# Track Center Distances



## StanleyAmes (Jan 3, 2008)

We are thinking on building a Large Scale module and was wondering if the track center discances wrer generally the same between different module groups.

How do these centerlines compare with the normal Aristo and LGB track centerlines. I ask because we we switches from 1:22.5 to 1:20.3 on our layout, we have to increase the minimum distances to 7 inches to allow two K27s to pass.

Stan


----------



## Greg Elmassian (Jan 3, 2008)

Most clubs try to base centerlines on worst case, 1:20.3... I think the K27 is one of the good clearance checkers... 

Greg


----------



## fyrekop (Sep 20, 2011)

The rule of thumb I got (from Greg and Dirk C) was 9" on center for parallel tracks. Have been playing with a couple of Aristo and Bachmann cars and that seems to work on 10' radius, or larger, curves. Also meets the measurements that Greg sent me for a double cross-over.


----------



## BigRedOne (Dec 13, 2012)

I determined this with LGB by taking the difference in radii between R1 and R2 - the only two close concentric circles in the LGB line. It's roughly 7.1 inches. 

Since if I want to have adjascent parallel curves in sectional track I'll be stuck to that figure, I take it as my center-to-center spacing. I also use it as the width of my right-of-way - the exterior clearance outside the centerline is therefore 3.5". 

So far this has worked, including clearance for signals - but I don't have any big equipment or 1:20.3 scale.
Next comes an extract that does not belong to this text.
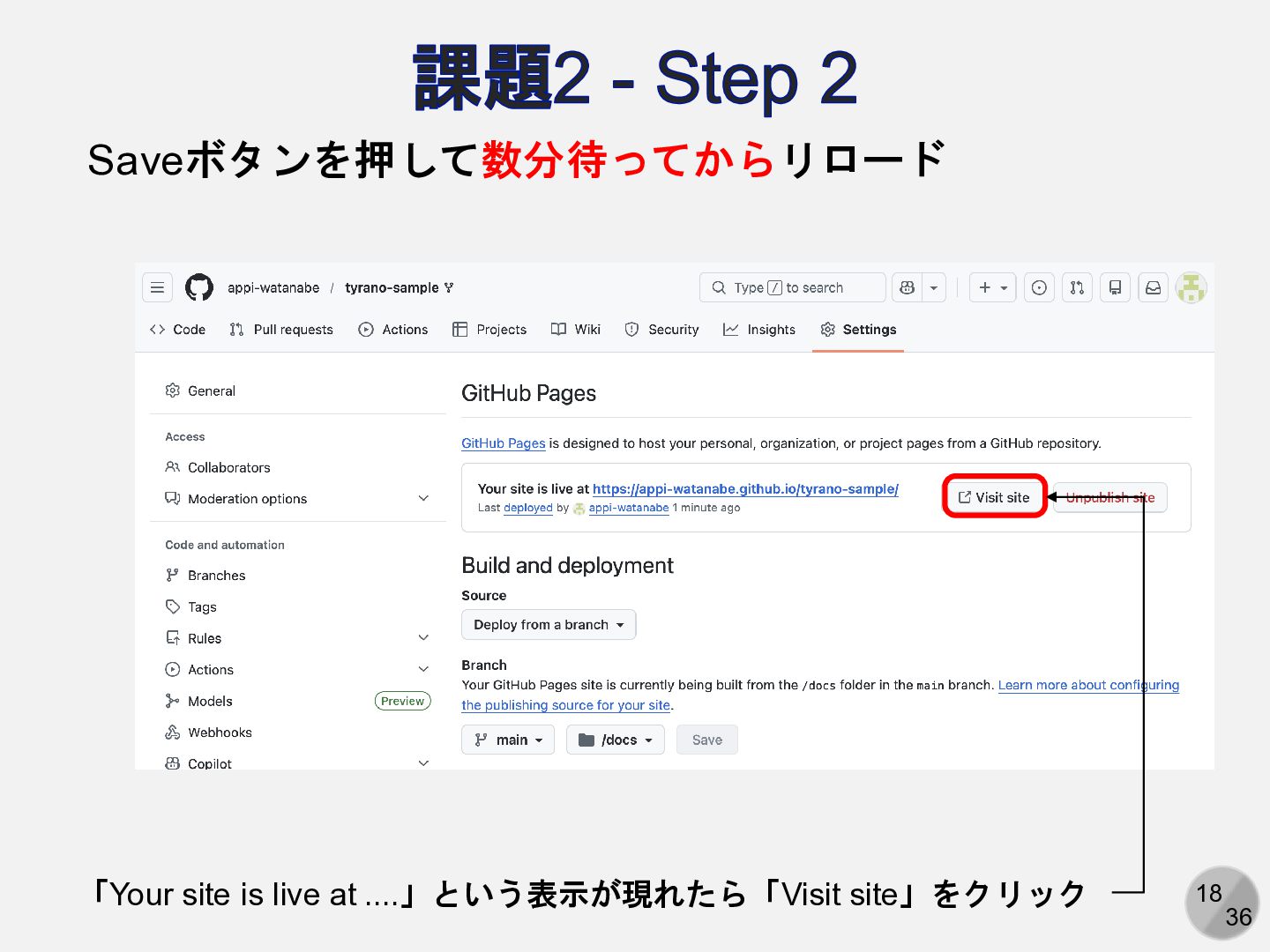18 36 課題2 - Step 2 Saveボタンを押して数分待ってからリロード 「Your site is

Generally the tighter the curve the smaller the equipment, and that helps.


----------



## Gary Armitstead (Jan 2, 2008)

These charts I've used for years.

http://www.urbaneagle.com/datrains/index.html


----------



## steam5 (Jun 22, 2008)

Stan 

This thread may help as well 

http://www.mylargescale.com/Community/Forums/tabid/56/aff/9/aft/126411/afv/topic/Default.aspx 

Alan


----------



## SD90WLMT (Feb 16, 2010)

Stan, will you and your group ever be considering something like a K-36 or K-37 perhaps... 


They just keep getting bigger !! ? ... just asking, they were not mentioned yet?!!! 

Dirk


----------



## NTCGRR (Jan 2, 2008)

If I remember right the K20somethings have a 6.5" plow One my RR 8" works for Garden Metal models cat walks and to my knowlegde with all the visiting trains none have clipped each other. 20' dia


----------



## todd55whit (Jan 2, 2008)

Hi Stan my NHGRS modules mainlines are 4" and 11 3/8" on center.


----------